Posted: Tue Dec 18, 2007 10:23 pm Post subject: Retrospective change request
Ed is correct in his assessment you can have a change that is to implement a quick fix (to get the system back on its feet) but after the fact you HAVE to do the due diligence of documentation.
Also, just a point of fact, ITIL does not have standards it is a framework of best practices.......if Standards are to be applied to ITIL than those Standards would be ISO 20K. Yes, common language is esstential to any broad scope business change, keep your head up and good luck
yes you can have retrospective changes. Ensure you have them only for emergencies and also that you have a time period for when they have to be logged e.g. 24 hours after the change and no later. _________________ Mark O'Loughlin
ITSM / ITIL Consultant
Joined: Oct 26, 2007 Posts: 295 Location: Calgary, Canada
Posted: Thu Jan 03, 2008 3:02 am Post subject:
Agree with all the above posters. The only thing I wanted to add is that somebody should be accountable and have it in their job responsibilities that all such changes are recorded within certain period of time.

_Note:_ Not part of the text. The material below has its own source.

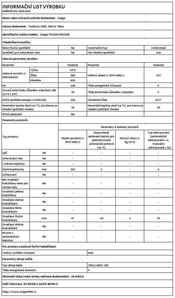 chladnička s mrazákem • výška 144 cm • objem chladničky 162 l / mrazničky 44 l • energetická třída E • systém automatického rozmrazování chladničky • mrazicí kapacita až 2 kg za 24 hodin • police z bezpečnostního skla • zásuvka na ovoce a zeleninu • hlučnost 39 dB • V × Š × H: 144 × 55 × 61,5 cm

Make sure it is ONE person who has to ensure that happens, otherwise, it won't get done.
I am fairly new to itil. in an interview i was asked what retrospective change is.. i didnt know.. well i read the above comments.. so i now understand that it means... first fix the issue then document it. but what i want to know is.. even in an emergency, an ECAB is convened.. so does that not happen in retrospective change? or can somebody please explain me the process of retrospective change...
Joined: Sep 16, 2006 Posts: 3536 Location: London, UK
Posted: Thu Jun 12, 2014 4:31 am Post subject:
A Retrospective change - an example.
The company has a network which is managed by Cisco routers
The company finds out that the network is suffering several intermittent outages.
The fix is to upload a fix.
The problem is that the standard process is to test this fix in a test environment and then watch
The fix is NOT Guarenteed to solve the issue... but....
So the IT Mgmt gives the go ahead. It gets done
It fixes the problem
So the IT Mgmt has the network team raise the Change request... and get it scheduled for the next meeting
The reason it is a retro spective is that the time that is needed to approve an emergency change may be too long before the company's entire network shuts down _________________ John Hardesty
ITSM Manager's Certificate (Red Badge)
Change Management is POWER & CONTROL. /....evil laughter
Emergency changes, in my opinion, should be like Standard Changes with approval given in advance.
In fact emergency changes shouldn't even require any detailed information on the change record prior to being implemented. This can be added afterwards.
An Emergency Change should only be used to restore service or prevent an immediate outage to service.
I wouldn’t be in favour of that as this is not about the re-categorisation of change types, but simply completing the formal paper work and processes at a later date.
From experience, a firewall change had to be made urgently in order restore service because an external supplier had moved one of their servers which involved changing the server’s IP address without giving us advance notification. Network operations spoke to the external supplier in order to obtain the new IP address, so that a change could be made to the firewall.
The network operations team discussed the change amongst themselves, (almost like a mini CAB) gave me the heads up and what they were planning to do, then successfully made the change on the firewall, resulting in the restoration of service.
An RFC was then generated to cover the work which was formally presented at the next CAB as part of the process.